Keys and Rooms LeetCode Solution – Queslers

Problem – Keys and Rooms

There are n rooms labeled from 0 to n - 1 and all the rooms are locked except for room 0. Your goal is to visit all the rooms. However, you cannot enter a locked room without having its key.

When you visit a room, you may find a set of distinct keys in it. Each key has a number on it, denoting which room it unlocks, and you can take all of them with you to unlock the other rooms.

Given an array rooms where rooms[i] is the set of keys that you can obtain if you visited room i, return true if you can visit all the rooms, or false otherwise.

Example 1:

Input: rooms = [[1],[2],[3],[]]
Output: true
Explanation: 
We visit room 0 and pick up key 1.
We then visit room 1 and pick up key 2.
We then visit room 2 and pick up key 3.
We then visit room 3.
Since we were able to visit every room, we return true.

Example 2:

Input: rooms = [[1,3],[3,0,1],[2],[0]]
Output: false
Explanation: We can not enter room number 2 since the only key that unlocks it is in that room.

Constraints:

  • n == rooms.length
  • 2 <= n <= 1000
  • 0 <= rooms[i].length <= 1000
  • 1 <= sum(rooms[i].length) <= 3000
  • 0 <= rooms[i][j] < n
  • All the values of rooms[i] are unique.

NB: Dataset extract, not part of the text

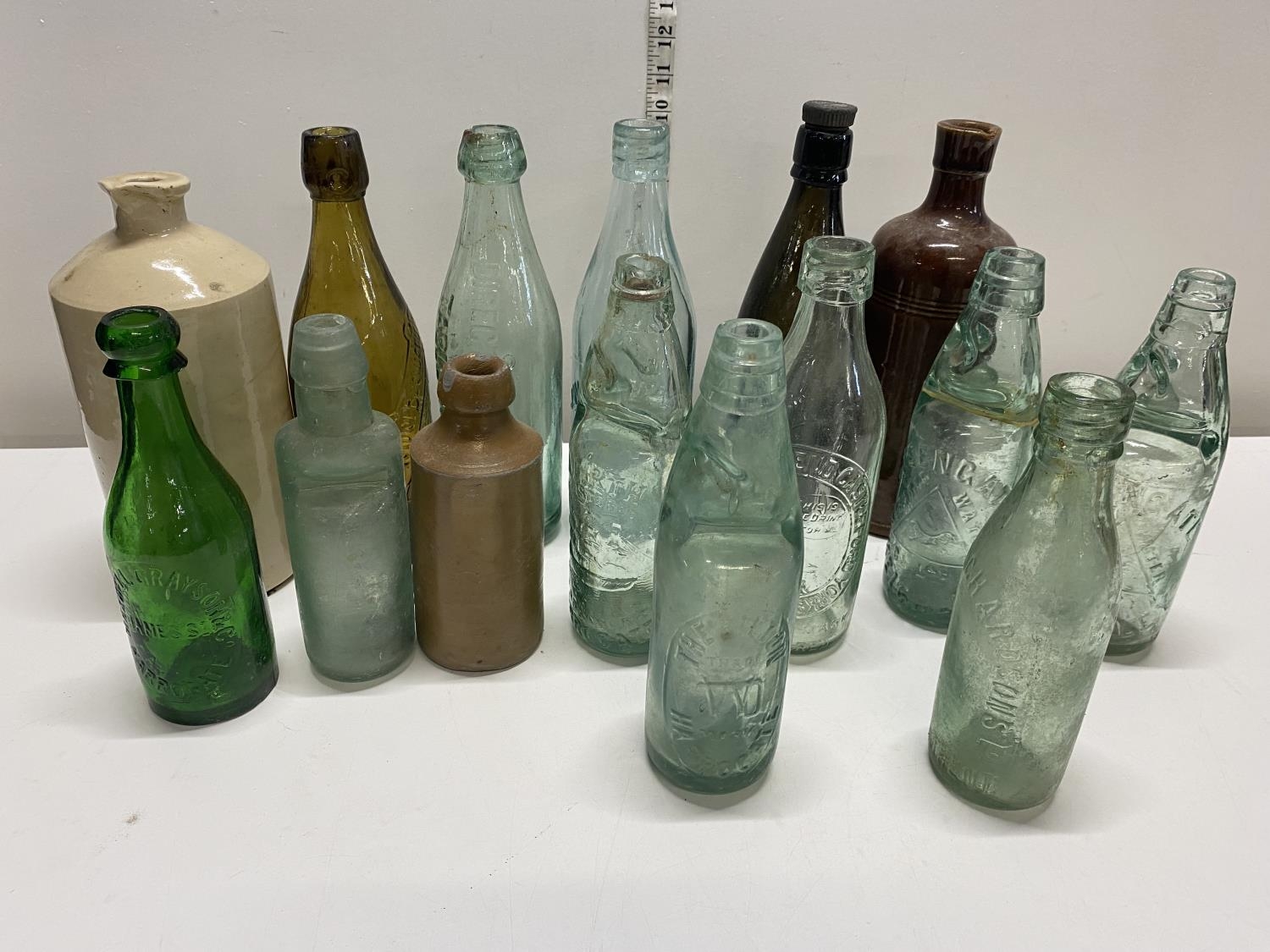 A selection of assorted antique bottles and ceramics. shipping unavailable.

Keys and Rooms LeetCode Solution in C++

    bool canVisitAllRooms(vector<vector<int>>& rooms) {
        stack<int> dfs; dfs.push(0);
        unordered_set<int> seen = {0};
        while (!dfs.empty()) {
            int i = dfs.top(); dfs.pop();
            for (int j : rooms[i])
                if (seen.count(j) == 0) {
                    dfs.push(j);
                    seen.insert(j);
                    if (rooms.size() == seen.size()) return true;
                }
        }
        return rooms.size() == seen.size();
    }

Keys and Rooms LeetCode Solution in Java

    public boolean canVisitAllRooms(List<List<Integer>> rooms) {
        Stack<Integer> dfs = new Stack<>(); dfs.add(0);
        HashSet<Integer> seen = new HashSet<Integer>(); seen.add(0);
        while (!dfs.isEmpty()) {
            int i = dfs.pop();
            for (int j : rooms.get(i))
                if (!seen.contains(j)) {
                    dfs.add(j);
                    seen.add(j);
                    if (rooms.size() == seen.size()) return true;
                }
        }
        return rooms.size() == seen.size();
    }

Keys and Rooms LeetCode Solution in Python

    def canVisitAllRooms(self, rooms):
        dfs = [0]
        seen = set(dfs)
        while dfs:
            i = dfs.pop()
            for j in rooms[i]:
                if j not in seen:
                    dfs.append(j)
                    seen.add(j)
                    if len(seen) == len(rooms): return True
        return len(seen) == len(rooms)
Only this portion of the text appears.